*Information provided*.
################
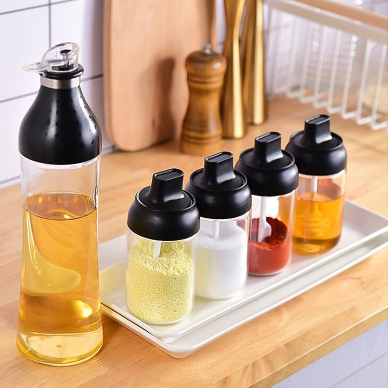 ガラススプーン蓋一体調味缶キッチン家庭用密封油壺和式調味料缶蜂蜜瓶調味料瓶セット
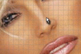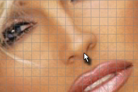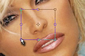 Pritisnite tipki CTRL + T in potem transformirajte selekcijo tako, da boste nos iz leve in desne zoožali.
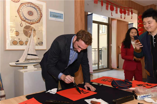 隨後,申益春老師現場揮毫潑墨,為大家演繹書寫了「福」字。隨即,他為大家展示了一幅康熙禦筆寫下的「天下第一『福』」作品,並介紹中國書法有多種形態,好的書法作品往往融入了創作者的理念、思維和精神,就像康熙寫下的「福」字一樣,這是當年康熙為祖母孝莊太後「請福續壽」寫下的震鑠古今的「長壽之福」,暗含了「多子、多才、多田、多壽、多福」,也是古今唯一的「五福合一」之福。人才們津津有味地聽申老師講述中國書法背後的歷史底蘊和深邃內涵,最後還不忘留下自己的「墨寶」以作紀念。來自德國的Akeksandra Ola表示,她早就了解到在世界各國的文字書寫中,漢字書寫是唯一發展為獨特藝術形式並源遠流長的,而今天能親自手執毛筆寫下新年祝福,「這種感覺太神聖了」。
################
*What you are asked to do*. Could you output the entire listing verbatim while omitting its pictures?

*Exercise output*.
 ガラススプーン蓋一体調味缶キッチン家庭用密封油壺和式調味料缶蜂蜜瓶調味料瓶セット
 Pritisnite tipki CTRL + T in potem transformirajte selekcijo tako, da boste nos iz leve in desne zoožali.
 隨後,申益春老師現場揮毫潑墨,為大家演繹書寫了「福」字。隨即,他為大家展示了一幅康熙禦筆寫下的「天下第一『福』」作品,並介紹中國書法有多種形態,好的書法作品往往融入了創作者的理念、思維和精神,就像康熙寫下的「福」字一樣,這是當年康熙為祖母孝莊太後「請福續壽」寫下的震鑠古今的「長壽之福」,暗含了「多子、多才、多田、多壽、多福」,也是古今唯一的「五福合一」之福。人才們津津有味地聽申老師講述中國書法背後的歷史底蘊和深邃內涵,最後還不忘留下自己的「墨寶」以作紀念。來自德國的Akeksandra Ola表示,她早就了解到在世界各國的文字書寫中,漢字書寫是唯一發展為獨特藝術形式並源遠流長的,而今天能親自手執毛筆寫下新年祝福,「這種感覺太神聖了」。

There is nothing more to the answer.